Although today’s sentencing was officially only for the few remaining charges, Arizona journalist Stephen Lemons reported via X.com that Humetewa stated she would use “even counts that the defendants were acquitted of to determine their sentence,” though Humetewa later “seemed to reverse herself” on that plan.
The judge also allowed victims’ statements from individuals and relatives of individuals who alleged they had been trafficked through Backpage, even though Lacey’s sentencing was only for a money laundering charge.
“Essentially, the feds want Lacey, a longtime free speech advocate, to die in prison,” Lemons, the foremost authority on the case, wrote for Front Page Confidential, a Lacey-aligned online publication, in April. “They’ve already caused the death of Jim Larkin, Lacey’s longtime business partner, fellow newspaperman and co-defendant in the Backpage case.”
Larkin committed suicide in July 2023. He was reportedly exhausted by the financial burden imposed on his family by the federal authorities’ unusually lengthy and persistent campaign against him and the other Backpage.com principals.
Humetawa was a protege of the late Senator John McCain. Lemons and others familiar with Arizona and Phoenix-area politics have noted the longtime animosity of the McCain political clan toward Lacey and his publications due to in-depth reporting over the years about alleged scandals and misdeeds involving McCain, his family and associates.
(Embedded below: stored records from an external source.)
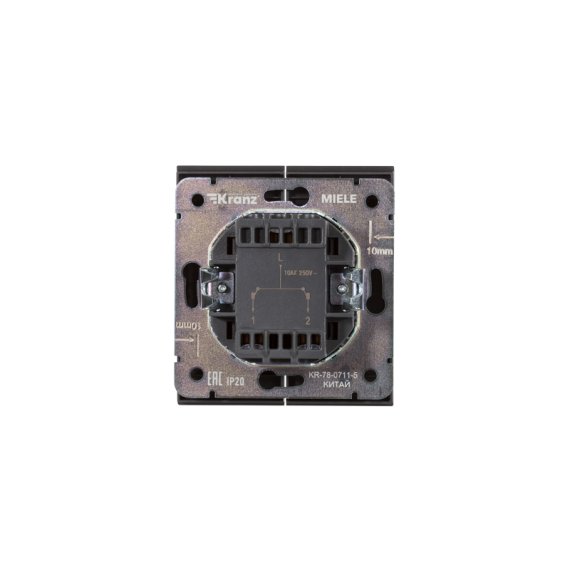 Механизм двухклавишного выключателя скрытой установки KRANZ предназначен для подключения к электрической сети внутри помещений. Используется для управления жалюзи.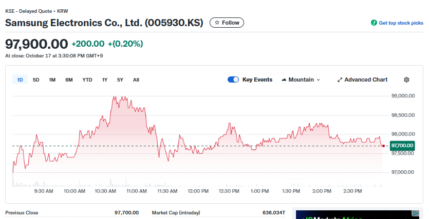 Shares of Samsung Electronics have been on an extraordinary run in 2025, soaring more than 84% since the start of the year and setting multiple record highs in recent weeks. On Friday, the stock gained 0.2%, closing at 97,900 won ($68.85).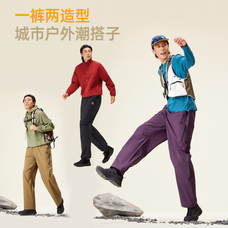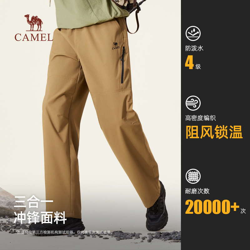骆驼男装休闲裤男款秋冬季新款2025户外防泼水宽松休闲冲锋长裤男
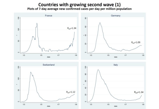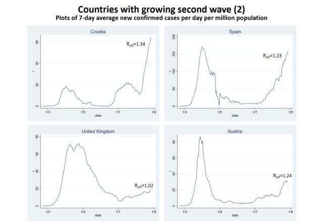 New cases are growing in Switzerland, but at a relatively slow rate with Reff = 1.12. The current new case rate is one quarter of that at the peak of the first wave, and if new cases continue to grow at the same rate, Switzerland will reach the same level as the peak of the first wave in 55 days. With children having just gone back to school, its possible the effective reproduction rate will increase. Perhaps more alarmingly, the Reff is substantially higher in all four countries neighboring Switzerland: France, Germany, Austria and Italy. The UK has imposed mandatory quarantine for travellers from Switzerland, who join those from France and Spain. The UK has the slowest growth rate of the countries in this group (among those I have looked at) and Croatia the highest, having already substantially exceeded its first wave peak more than threefold.

Mike Lacey's Courthouse Statement
Lacey issued the following statement from the courthouse immediately after the sentencing:
For over 50 years, Jim Larkin was my friend and business partner. His suicide is the tragedy of this prosecution. Larkin consulted with the nation’s finest first amendment attorneys throughout the history of Backpage and I believe he always followed the advice of the lawyers. That’s just who Jim was.
Law enforcement testified in court that they could not arrest anyone based upon the ads in Backpage. Nonetheless, within the 30 million ads annually, there are people with stories that are difficult to hear without heartache.
It is also true that I made no decisions regarding Backpage. It was a business and I did not work in business. I ran the journalists and editors. I wrote a considerable amount of columns and articles. Our writers won more than 3,800 awards, including a Pulitzer.
Much has been made that I opened a trust in Europe for my children. These funds were transferred at the suggestion of attorneys when FBI agents intimidated American bankers from doing business with me.
I was found guilty on one count of concealment. This is simply a mistake. Nothing was concealed. My lawyers filed a notice (an FBAR) annually with the same federal government that is now prosecuting me. The government knows exactly how much money is in the account and where the account is.
I have known fellow defendants Scott Spear and Jed Brunst for decades and know them to be both honest and honorable. The accusations against them are astonishing and flat wrong.”
The case against Backpage — dubbed by politicians from both parties “an online brothel” — was a central issue in the passing of the controversial FOSTA-SESTA legislation.
Lacey, Spear and Brunst had requested probation in their sentencing memorandums, with Lacey contending that his only felony conviction was for a “financial crime that he purportedly committed upon the idea and advice of two credentialed lawyers, wherein all reporting rules were followed.”
Spear’s memorandum noted, “The government wants this court to believe that Backpage.com is akin to the worst pimp in the nation. Mr. Spear and his co-defendants wrongly became the scapegoats in a time of unprecedented hysteria surrounding sex trafficking.”